University of Virginia Library


1

To TWO SISTERS on their Wedding-day.

An EPISTLE.

By Mr Blacklock.
Dear Ladies, whilst the nuptial hour at hand
Must all your time, and all your thoughts demand,
Though all the Nine my tuneful strain inspir'd,
My heart though all the force of friendship fir'd,
Though warm'd with transport for my lovely theme,
I wou'd not long your kind attention claim;
Yet let me join the gratulating throng,
And breathe to Heav'n one ardent wish in song:
That all your future days, serene and bright,
May flow distinguish'd by sincere delight;

2

That full success your wishes may attend,
And Heav'n's best blessings on your heads descend;
That love and joy may on each period wait,
While hoary Time unrolls the page of fate;
Till all who hear your destiny admire,
Nore more from Heav'n to make them bless'd require;
Till tender mothers, who your lot survey,
Thus in the fondness of their souls shall pray:
“May my fair daughter, or my fav'rite son,
“Be bless'd, and live and love as these have done.”

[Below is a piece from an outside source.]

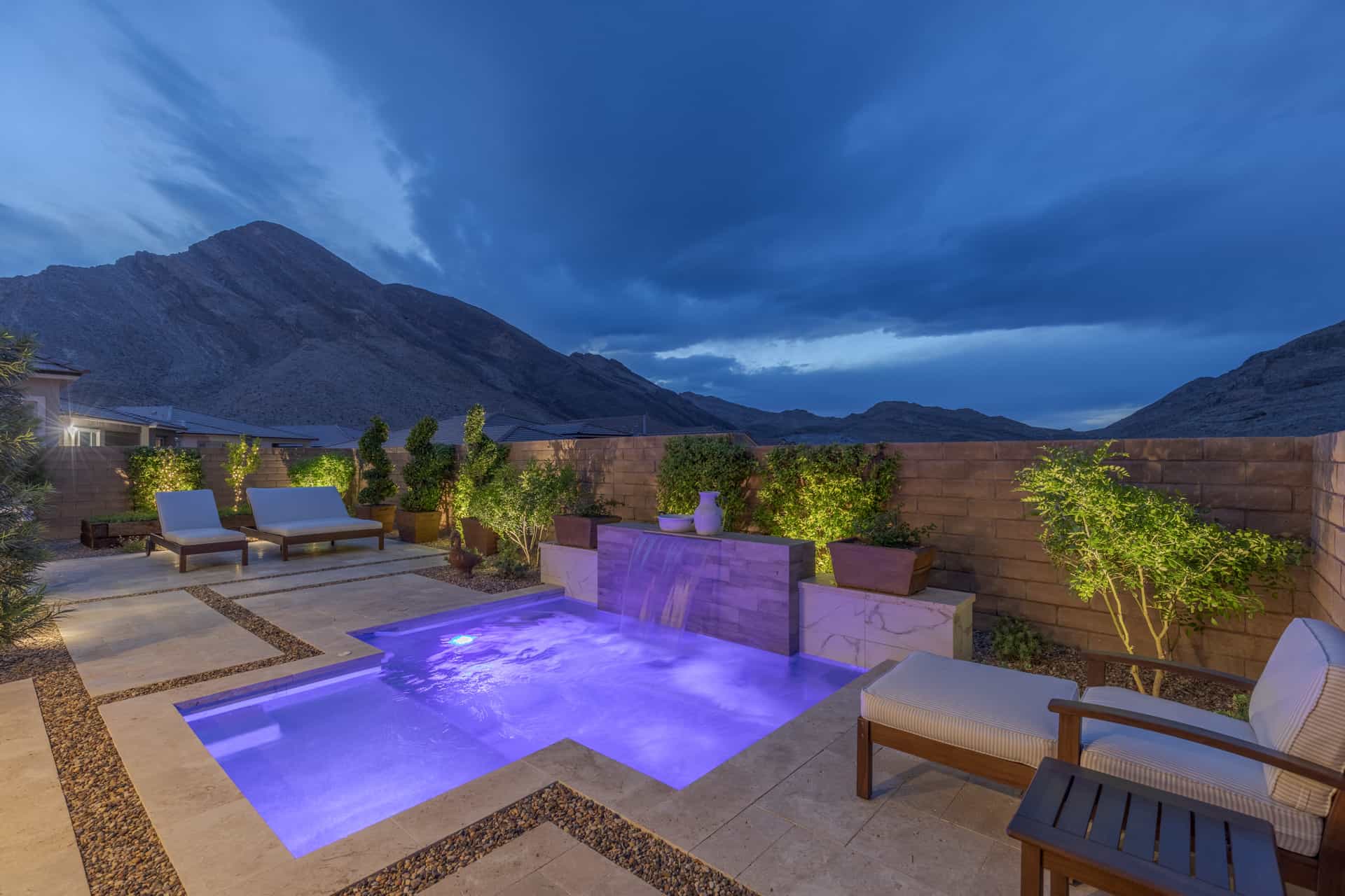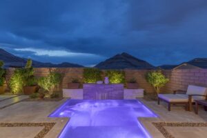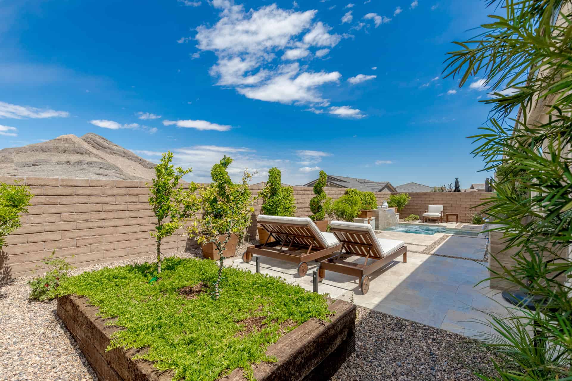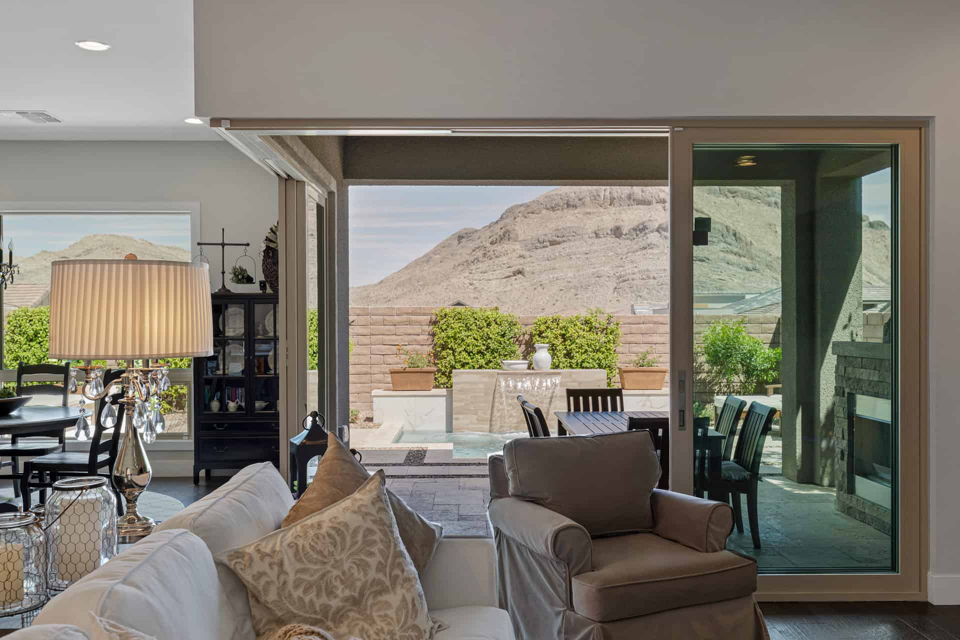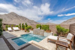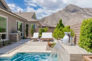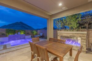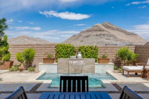 Beyond this home’s keyless front door, discover a modern, open floor plan with hardwood floors and quartz countertops. Savor life in the kitchen, complete with a dining island, soft-close drawers, and a suite of KitchenAid appliances—including a six-burner range with a griddle, pot-filler, and double ovens. Have dinner in the attached dining area, watch a surround-sound movie in the family room, or open the corner sliders to create an unparalleled indoor/outdoor living experience. Whether you’re dining fireside on the travertine patio, lounging in the Pebble Tec spool (spa/pool), or barbecuing on the built-in grill, you’ll always have peace, quiet, and mountain views. Backed up to a cul-de-sac, the unique position of this lot ensures that these views will remain. Rest and relaxation await in the owner’s suite, which boasts dual vanities, a makeup counter, a closet with built-ins, an oversized walk-in shower, and a generous freestanding bathtub. Two additional bedrooms complete this home, one of which features an en suite bathroom and walk-in closet. Smart home upgrades include a Nest doorbell and thermostats, a SimpliSafe security system, and Arlo solar-powered security cameras.

Estimate of Human Greatness.

In imitation of a French epigram.

By the same.
One night I dream'd, and dreams may oft prove true,
That to this foolish world I bade adieu.
With solemn rites, and decent grief deplor'd,
My friends to mother-earth her gift restor'd.
But O! eternal insult to my shade,
Close by a vile plebeian corse was laid!
Enrag'd, confin'd, I try'd to shift my ground;
But all attempts were unsuccessful found.
Be gone, gross lump, I cry'd, in high disdain,
No slave of abject birth shall here remain.
Be distant far—to nobler names gives way,
And mix with vulgar dust thy sordid clay.

3

Thou fool! thou wretch! a hollow voice reply'd,
Now learn the impotence of wealth and pride;
Hereditary names and honours, here,
With all their farce and tinsel disappear.
In these dark realms, Death's reptile heralds trace
From one sole origin all human race:
On all the line one equal lot attends;
From dust it rises, and to dust descends.
Here pale Ambition, quitting pomp and form,
Admits her last—best counsellor, a worm.
Here Nature's charter stands confirm'd alone;
The grave is less precarious than the throne.
Then seek not here pre-eminence and state,
But own and bless th'impartial will of Fate;
With life, its errors, and its whims resign,
Nor think a beggar's title worse than thine.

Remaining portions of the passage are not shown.